I've drawn 2 CWMU permits. 1 for pronghorn and 1 for Mule Deer. The operator of the Pronghorn unit specifically told me to stay away from certain areas and to just "glass from the road" because he had "high paying clients who didn't pay all that money to see other hunters". This was after I had gone through the process of contacting the operator prior to applying for the hunt. After my complaints that units Pronghorn tags were permanantly yanked. This hunt was a freaking joke. 

My Mule Deer hunt was good although I know for a fact that we were steered away from the one area of the unit where most of the bucks were shot. This information came directly from the landowner who we ran into on the back side of the property 3 days into our hunt. His words were..."Why aren't you hunting where they kill all of the bucks?" Up to that point we hadn't seen 1 buck. When we changed locations it all made sense and guess what? We started seeing bucks aplenty. Come to find out the operators dad had drawn the other public tag and guess where he was hunting to begin with?

Would I ever hunt a CWMU again? Yes. I would just caution anyone who is applying for a CWMU to do their research. I believe there has been strides made in the past couple of years to try to improve the CWMU program. Would I tip on a CWMU public tag? NO.


----------



## swbuckmaster (Sep 14, 2007)

This year I contemplated hunting the Deseret cwmu for deer. The operation is under new management. The new management sucks imho. I was told I could not bring my kids on this hunt and I was also told It would be me and the guide hunting. Who wants to go an a hunt and hunt with someone they dont know. You cant use a wheeler so this means you wont be able to cover as much ground. Sure you would probably kill a big buck but it would be an empty feeling imho. The hunt also takes place after the paying client has hunted the deer for a few weeks. I really dont want sloppy seconds on any hunt. This is the main reason I choose archery. 

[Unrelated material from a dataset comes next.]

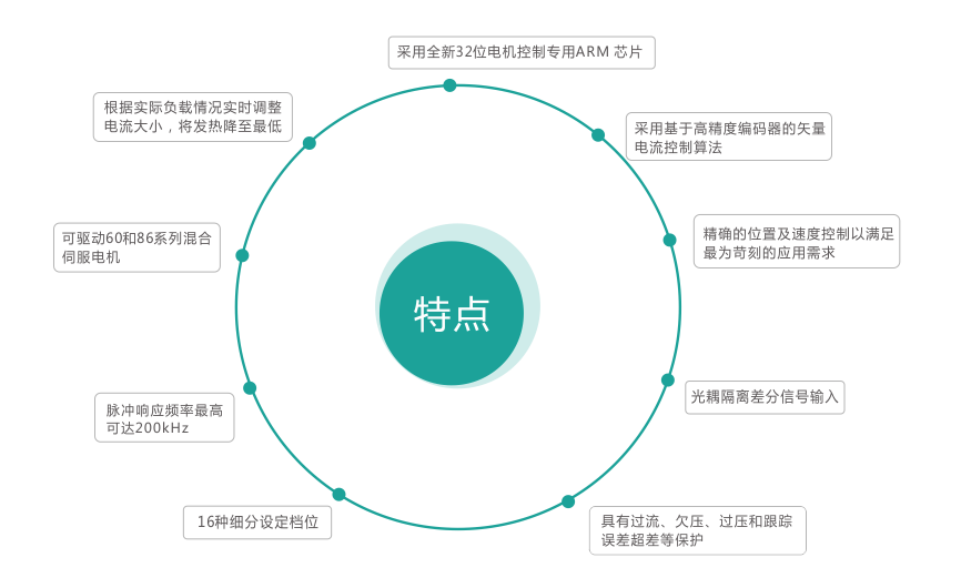 CS100-S708AH是一款新型混合步進(jìn)伺服驅(qū)動(dòng)器,采用最新專用電機(jī)控制ARM芯片和矢量型閉環(huán)控制技術(shù),從而徹底克服開(kāi)環(huán)步進(jìn)電機(jī)丟步的問(wèn)題,同時(shí)也能明顯提升電機(jī)的高速性能、降低電機(jī)的發(fā)熱程度和減小電機(jī)的振動(dòng),從而提升機(jī)器的加工速度和精度以及降低機(jī)器的能耗。此外,在電機(jī)連續(xù)過(guò)載時(shí),驅(qū)動(dòng)器會(huì)輸出報(bào)警信號(hào),具有與交流伺服系統(tǒng)同樣的可靠性。電機(jī)安裝尺寸兼容傳統(tǒng)的60和86系列步進(jìn)電機(jī),無(wú)縫替換現(xiàn)有開(kāi)環(huán)步進(jìn)系統(tǒng)或其他閉環(huán)步進(jìn)驅(qū)動(dòng)器。
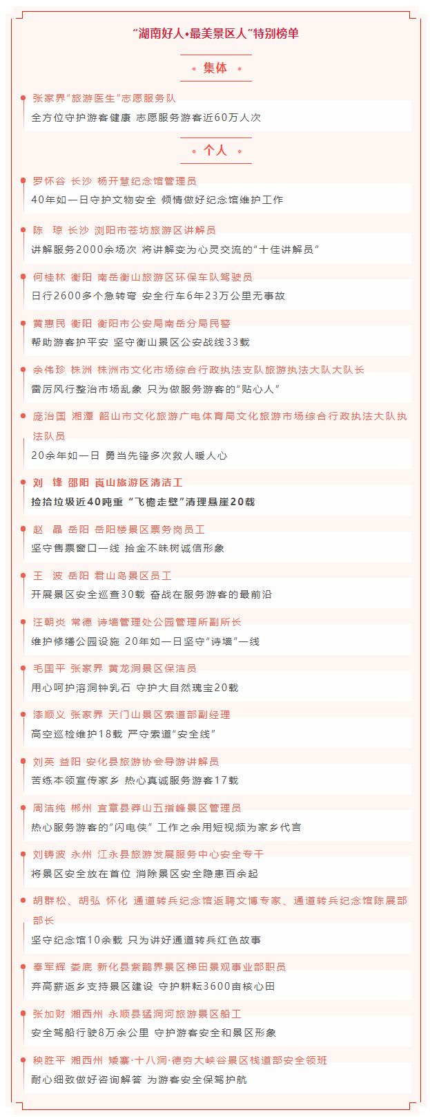 为进一步提升湖南旅游的品牌美誉度,增强湖南景区的文明吸引力,9月6日,湖南省文明办、湖南省文化和旅游厅联合发布“湖南好人·最美景区人”特别榜单,授予张家界“旅游医生”志愿服务队、邵阳刘峰等20人(组)为“湖南好人·最美景区人”称号。

I did hunt there for a doe antelope a few years ago and they let me take my kids with me. One of the funnest hunts ive had. Not so sure they will let you do this though with the new management.


----------



## MadHunter (Nov 17, 2009)

I drew Deseret cow and doe in 93 and 94. Both years I was not allowed to bring anyone. A friend of mine went with me but he also had cow tags both years as well. We were given maps of the areas we could and couldn't go to as well as strict guideline about staying on roads, no building fires, burying gutpiles, and the time we had to be at the gate to check out. We had a good time and filled out tags both years but it was not the hunt we expected. The second year we knew the drill and just took care of business. And BTW we only had 2 Saturdays to hunt never on Sunday.


----------



## bullsnot (Aug 10, 2010)

There are lots of reason why CWMU operators want someone with you. Some landowners within CWMU's have honery neighbors and just want to make sure you color within the lines. Hunting on the wrong property can create a big mess for them. Some want to make sure you are a responsible hunter and not out wounding a bunch of game. Some want to make sure that you are closing thier gates because they may have livestock or don't want trespassers to see an open gate and help themselves. Some don't want to give you a key or the combination to the locks on their gates. Some want to make sure you are staying on the roads. Some want to make sure you are hunting the property in a manner that doesn't blow the game to the next county. Some want to make sure you aren't running over thier irrigation piping or in their fields. Think about littering, target practicing on signs, or all the other ways people abuse your public ground. Some sincerely want to help in addition to these other things. 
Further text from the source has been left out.